* [What to work on]
Below are the records; repeat exactly their lines between the line holding "To switch between" and the line holding "5.9+ 出口が核心。ハングを右から巻くが、かなり悪い。全階ナッツを回収できなかったが、やはりまだ残っていた。 |", inclusive, skipping the pictures.

* [Records for this task]
- Opening Delimiter -
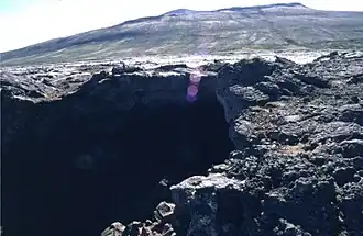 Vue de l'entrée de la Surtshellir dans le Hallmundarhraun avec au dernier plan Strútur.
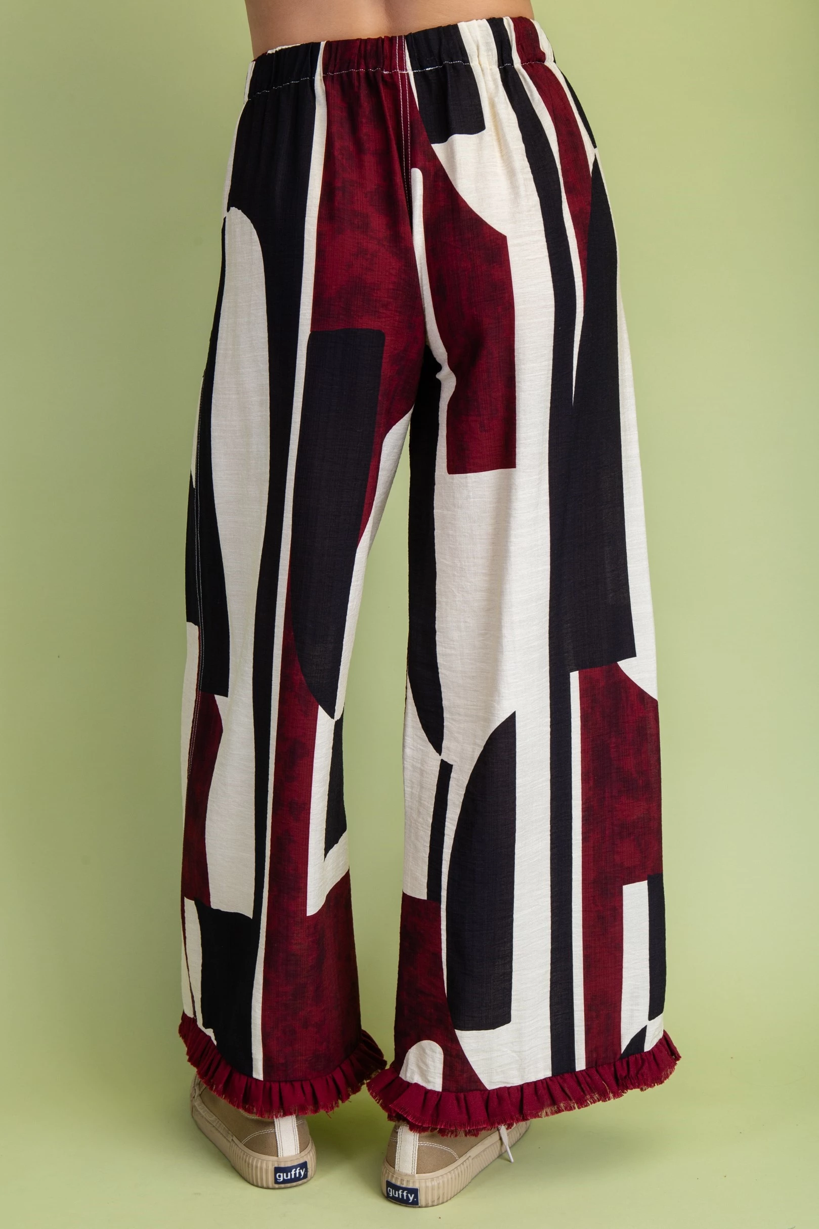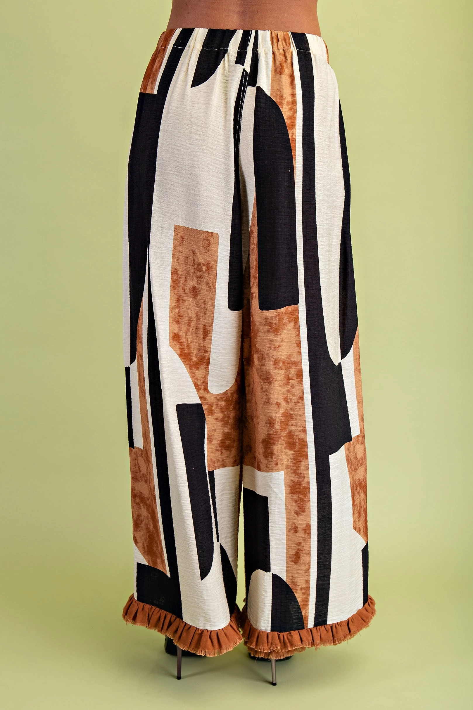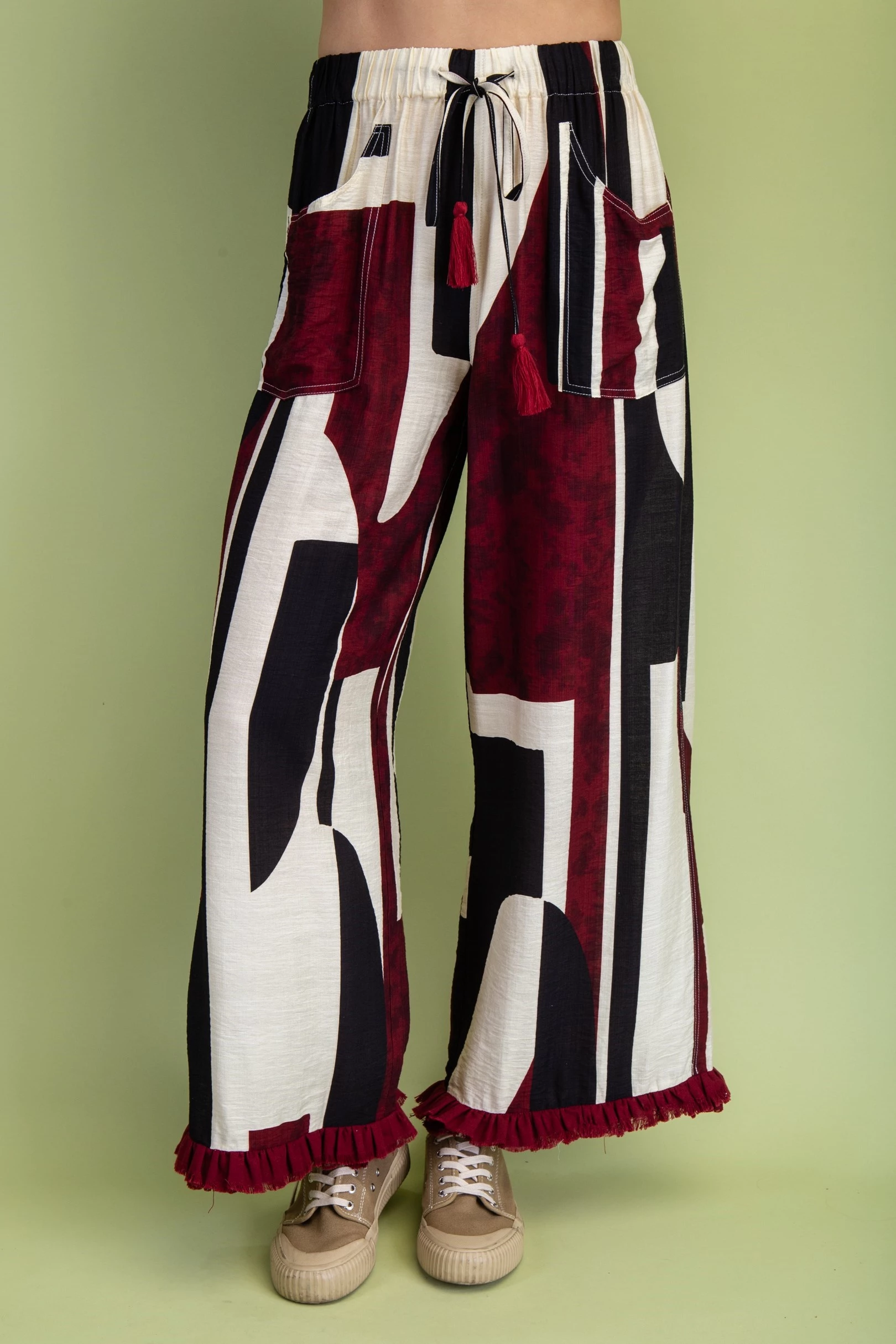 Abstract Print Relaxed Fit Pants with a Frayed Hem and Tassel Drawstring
- Closing Delimiter -
- Opening Delimiter -
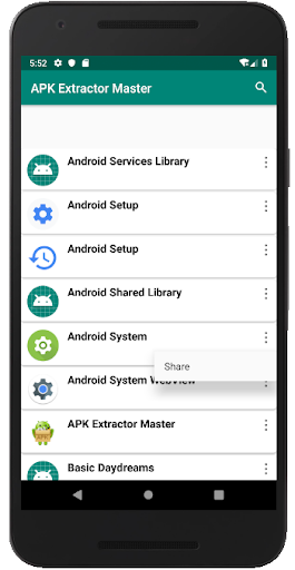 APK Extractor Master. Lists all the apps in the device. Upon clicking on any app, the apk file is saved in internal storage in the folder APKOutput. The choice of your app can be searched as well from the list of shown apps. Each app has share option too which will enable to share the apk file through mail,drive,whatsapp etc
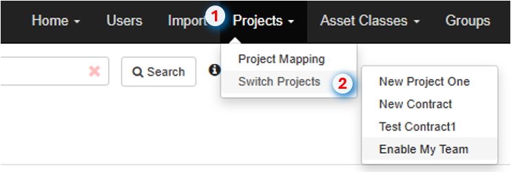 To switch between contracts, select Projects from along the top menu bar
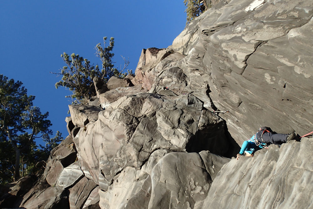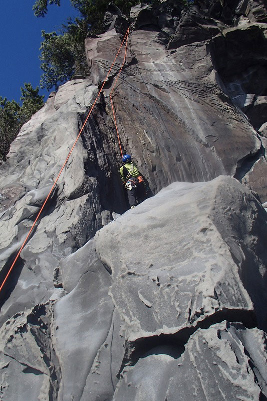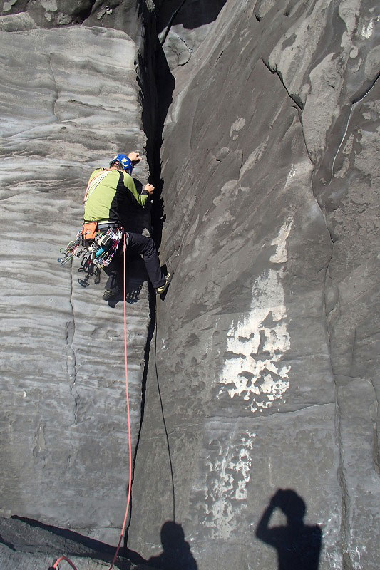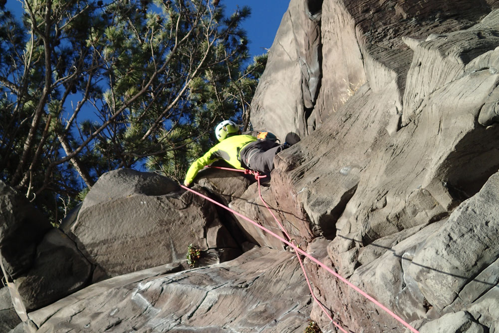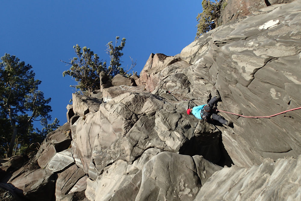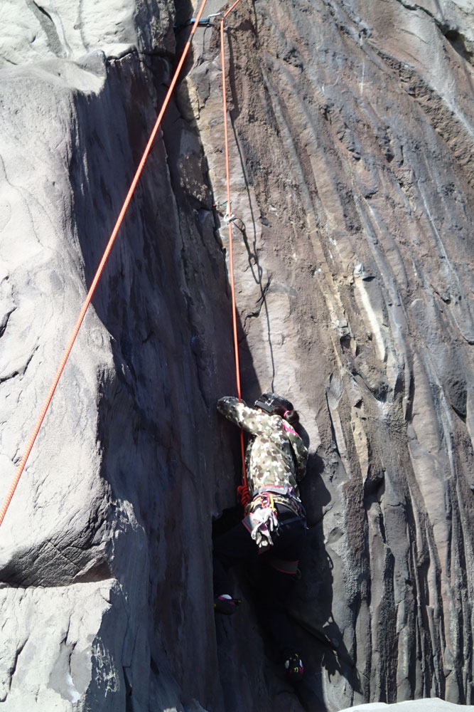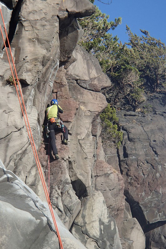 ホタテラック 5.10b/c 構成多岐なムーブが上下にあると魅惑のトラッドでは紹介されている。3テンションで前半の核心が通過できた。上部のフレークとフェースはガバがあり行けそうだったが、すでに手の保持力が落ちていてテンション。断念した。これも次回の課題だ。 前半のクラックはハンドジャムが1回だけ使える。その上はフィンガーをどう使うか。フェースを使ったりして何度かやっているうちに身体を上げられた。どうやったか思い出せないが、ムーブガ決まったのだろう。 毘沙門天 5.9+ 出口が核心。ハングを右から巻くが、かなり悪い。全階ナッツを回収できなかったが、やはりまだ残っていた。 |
- Closing Delimiter -
* [Task solution]
 To switch between contracts, select Projects from along the top menu bar
 ホタテラック 5.10b/c 構成多岐なムーブが上下にあると魅惑のトラッドでは紹介されている。3テンションで前半の核心が通過できた。上部のフレークとフェースはガバがあり行けそうだったが、すでに手の保持力が落ちていてテンション。断念した。これも次回の課題だ。 前半のクラックはハンドジャムが1回だけ使える。その上はフィンガーをどう使うか。フェースを使ったりして何度かやっているうちに身体を上げられた。どうやったか思い出せないが、ムーブガ決まったのだろう。 毘沙門天 5.9+ 出口が核心。ハングを右から巻くが、かなり悪い。全階ナッツを回収できなかったが、やはりまだ残っていた。 |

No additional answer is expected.